[Data segment]
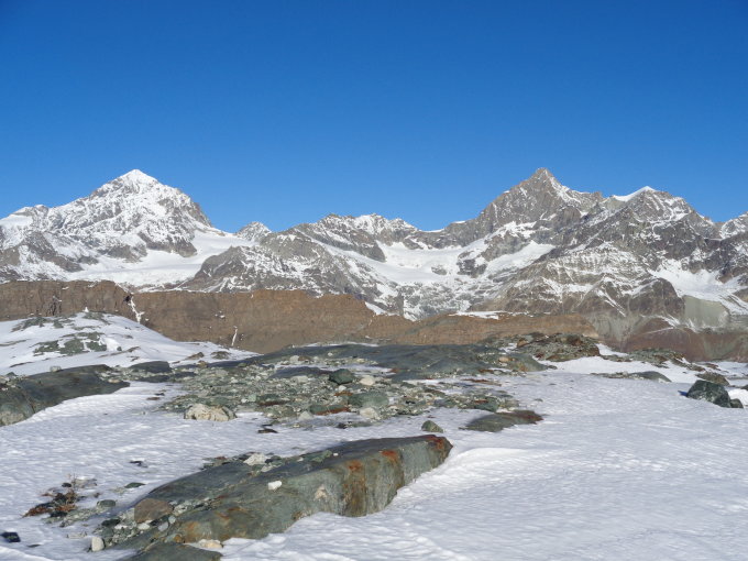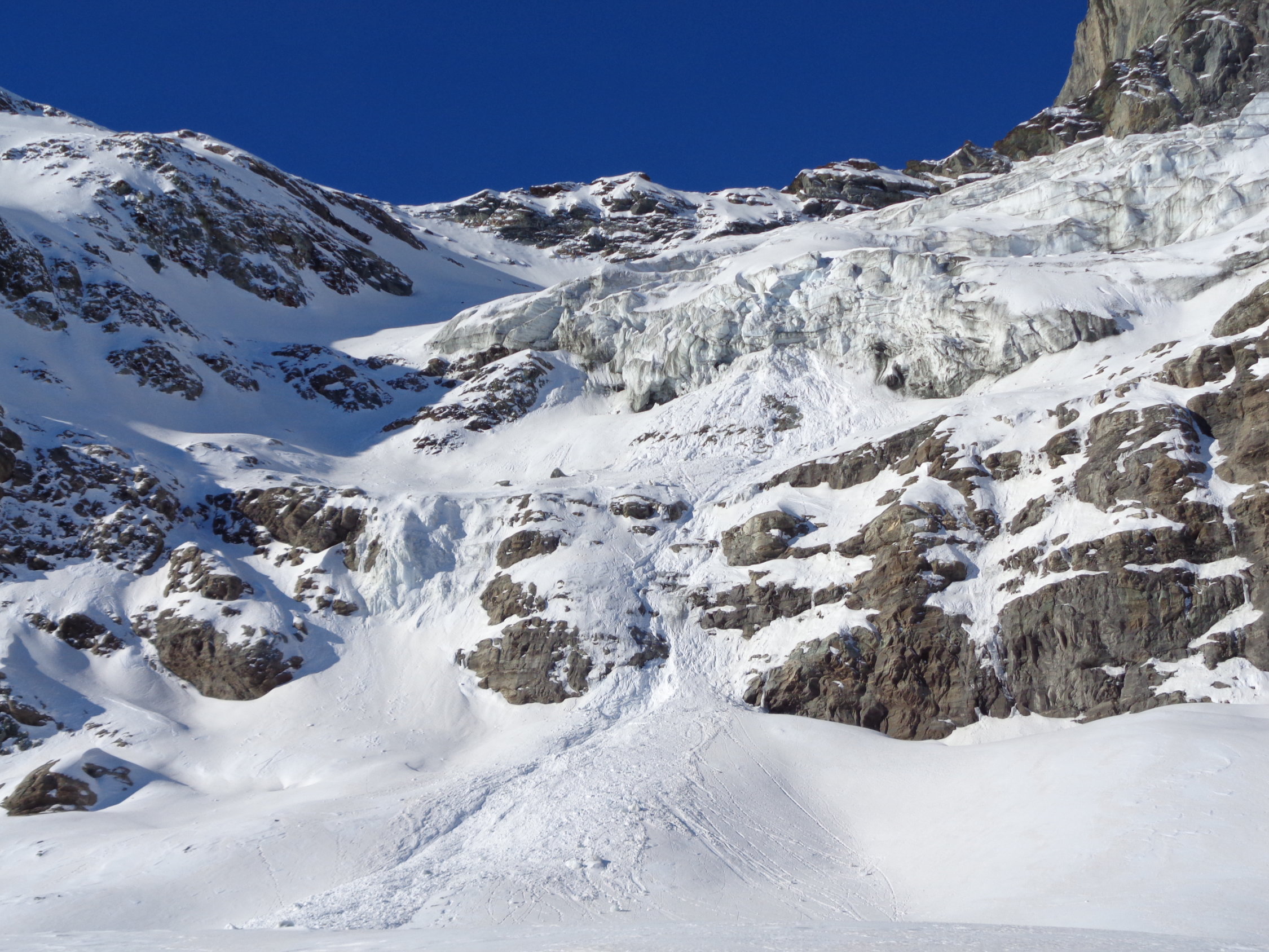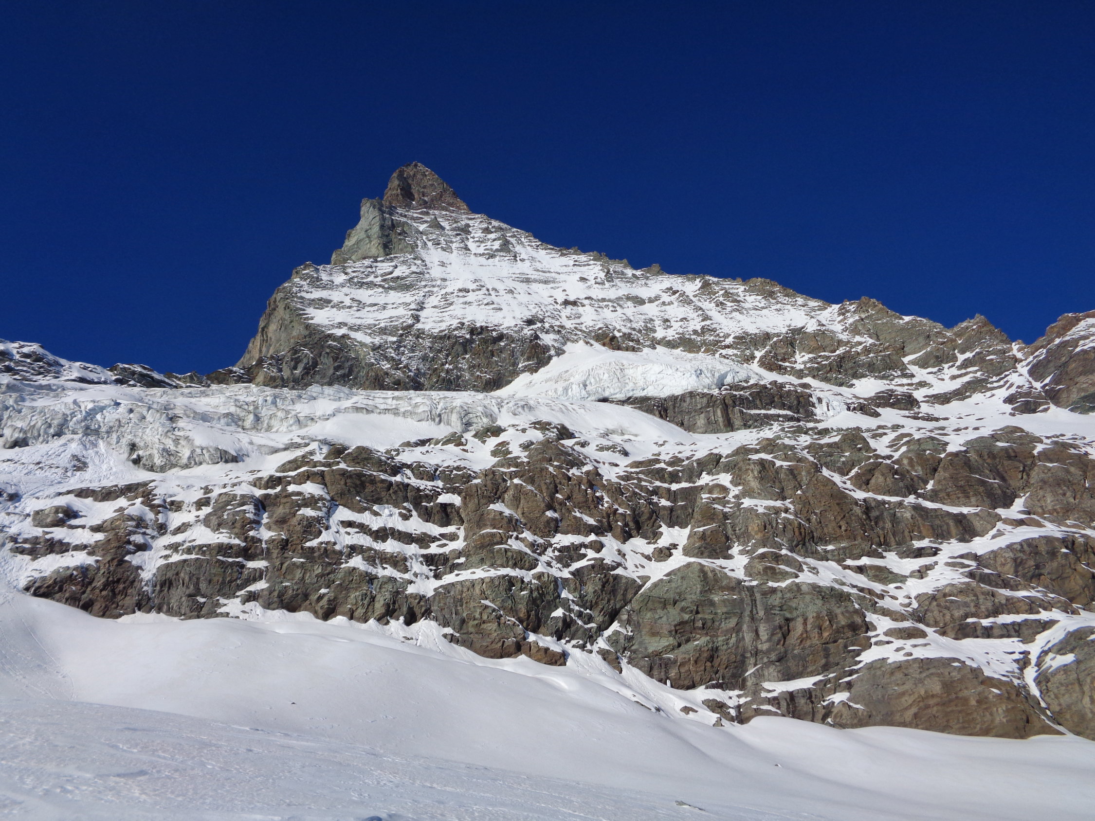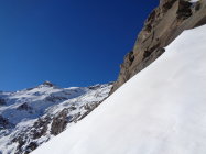 Sehr schönes Couloir am Fusse der Matterhorn-Ostwand. Der Zustieg erfolgte vom Trockenen Steg her. Das Couloir ist 400m lang, und hat eine Neigung von 35 bis 40 Grad.
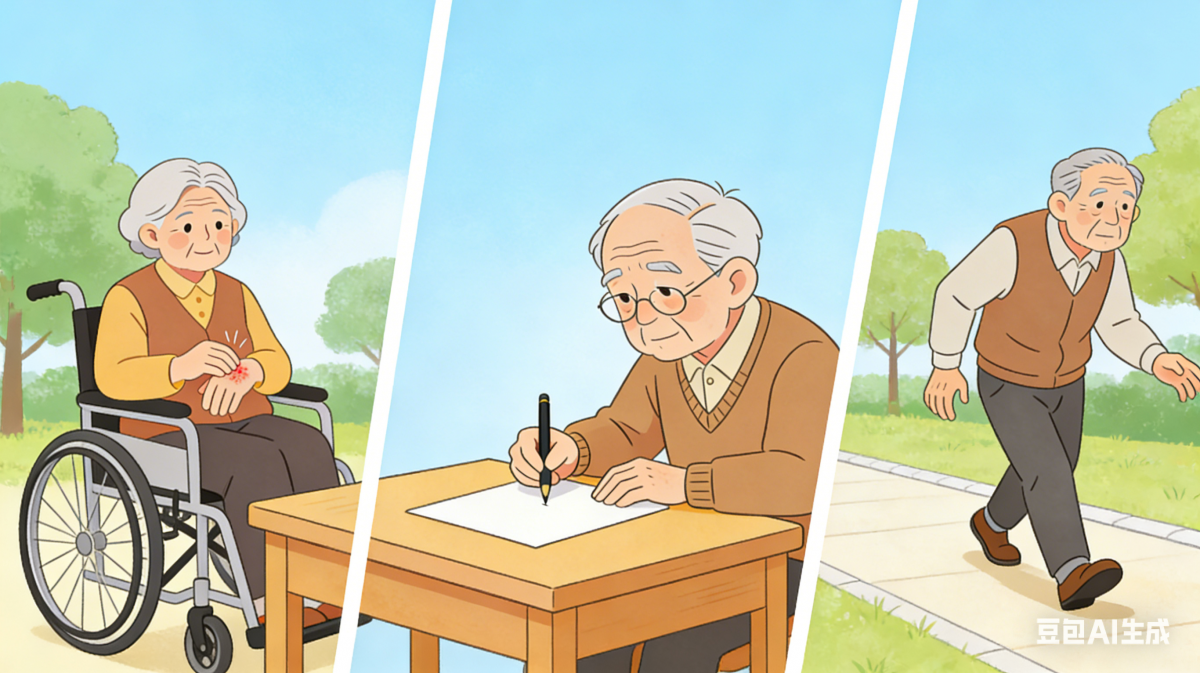 2.肌强直(僵):肢体僵硬、发沉,活动时感觉费力,比如起床、转身困难,面部肌肉僵硬导致“面具脸”(表情减少);
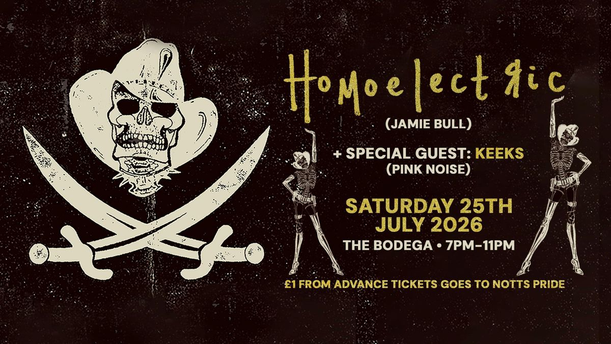 HOMOELECTRIC (Jamie Bull)+ Support: Keeks (Pink Noise)A non-stop off-piste dark discotek for homos, heteros, lesbos and don't knows. Into this place with no corners there is an alchemy from cosmic grooves, street soul, slo mo dance, boogie, black heart disco, US garage, house, technoid, outerspace sonic science, bassbuggin' rawness, odd numbers and vocals from heaven. We are homobloc. We are friends electric. We are the late night disenfranchised. No height restrictions.
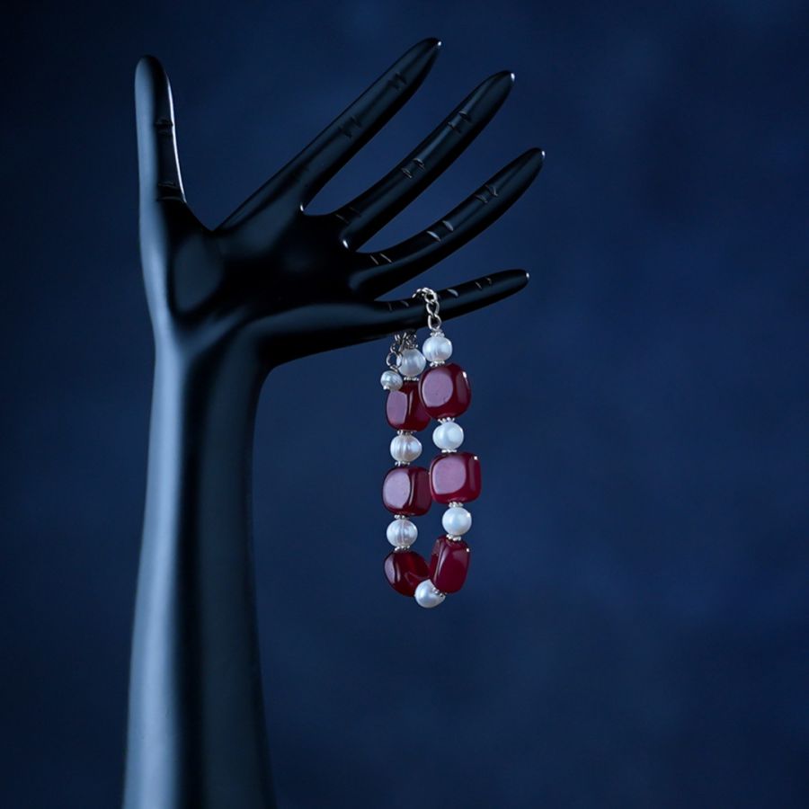 "Color: White and Maroon Material: Real Pearl and Gemstone Value Addition: Length: 15.24 CM Measurement Unit: CM Type: Adjustable Unit: Single Care: Store them in a soft cloth pouch or a separate jewelry box to prevent scratches"
[/Data segment]
Please print the line that contains "2.肌强直(僵):肢体僵硬、" along with every later line of the material, exactly, through the last one. Leave pictures out of the copy.

** Exercise result **
 2.肌强直(僵):肢体僵硬、发沉,活动时感觉费力,比如起床、转身困难,面部肌肉僵硬导致“面具脸”(表情减少);
 HOMOELECTRIC (Jamie Bull)+ Support: Keeks (Pink Noise)A non-stop off-piste dark discotek for homos, heteros, lesbos and don't knows. Into this place with no corners there is an alchemy from cosmic grooves, street soul, slo mo dance, boogie, black heart disco, US garage, house, technoid, outerspace sonic science, bassbuggin' rawness, odd numbers and vocals from heaven. We are homobloc. We are friends electric. We are the late night disenfranchised. No height restrictions.
 "Color: White and Maroon Material: Real Pearl and Gemstone Value Addition: Length: 15.24 CM Measurement Unit: CM Type: Adjustable Unit: Single Care: Store them in a soft cloth pouch or a separate jewelry box to prevent scratches"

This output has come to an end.